### Task details
Some lines in the material below hold the word "product". Copy all of them.

### Source data
+++++

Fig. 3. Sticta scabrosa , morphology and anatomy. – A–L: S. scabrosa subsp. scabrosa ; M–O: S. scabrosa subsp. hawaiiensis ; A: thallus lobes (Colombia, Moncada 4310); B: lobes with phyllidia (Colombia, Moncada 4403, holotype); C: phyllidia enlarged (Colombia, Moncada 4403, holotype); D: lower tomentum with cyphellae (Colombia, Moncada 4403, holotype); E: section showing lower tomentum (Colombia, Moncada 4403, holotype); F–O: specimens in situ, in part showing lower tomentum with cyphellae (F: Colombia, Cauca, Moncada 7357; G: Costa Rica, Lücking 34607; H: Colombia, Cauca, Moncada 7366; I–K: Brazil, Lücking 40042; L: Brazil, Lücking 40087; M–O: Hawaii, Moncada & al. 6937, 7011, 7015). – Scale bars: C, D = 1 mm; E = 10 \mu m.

+++++

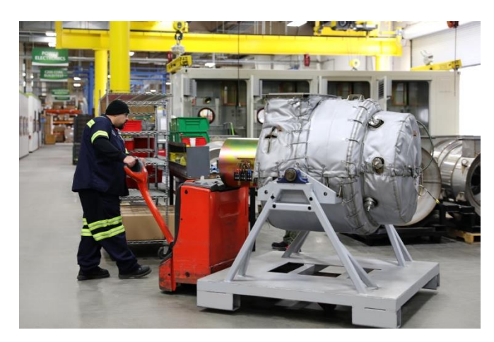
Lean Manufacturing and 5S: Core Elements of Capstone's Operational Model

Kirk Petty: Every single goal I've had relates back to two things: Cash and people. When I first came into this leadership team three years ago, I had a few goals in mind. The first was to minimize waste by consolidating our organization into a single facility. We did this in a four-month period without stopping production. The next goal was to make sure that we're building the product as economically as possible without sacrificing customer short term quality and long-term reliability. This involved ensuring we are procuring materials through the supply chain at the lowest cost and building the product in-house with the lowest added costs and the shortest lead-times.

+++++

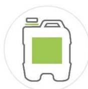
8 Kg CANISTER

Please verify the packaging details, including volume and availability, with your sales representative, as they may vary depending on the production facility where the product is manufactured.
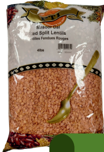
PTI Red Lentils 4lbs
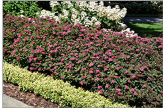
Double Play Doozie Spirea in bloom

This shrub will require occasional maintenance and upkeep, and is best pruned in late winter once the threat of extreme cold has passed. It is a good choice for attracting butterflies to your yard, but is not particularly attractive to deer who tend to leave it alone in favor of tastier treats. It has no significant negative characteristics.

+++++

### Answer below
Kirk Petty: Every single goal I've had relates back to two things: Cash and people. When I first came into this leadership team three years ago, I had a few goals in mind. The first was to minimize waste by consolidating our organization into a single facility. We did this in a four-month period without stopping production. The next goal was to make sure that we're building the product as economically as possible without sacrificing customer short term quality and long-term reliability. This involved ensuring we are procuring materials through the supply chain at the lowest cost and building the product in-house with the lowest added costs and the shortest lead-times.
Please verify the packaging details, including volume and availability, with your sales representative, as they may vary depending on the production facility where the product is manufactured.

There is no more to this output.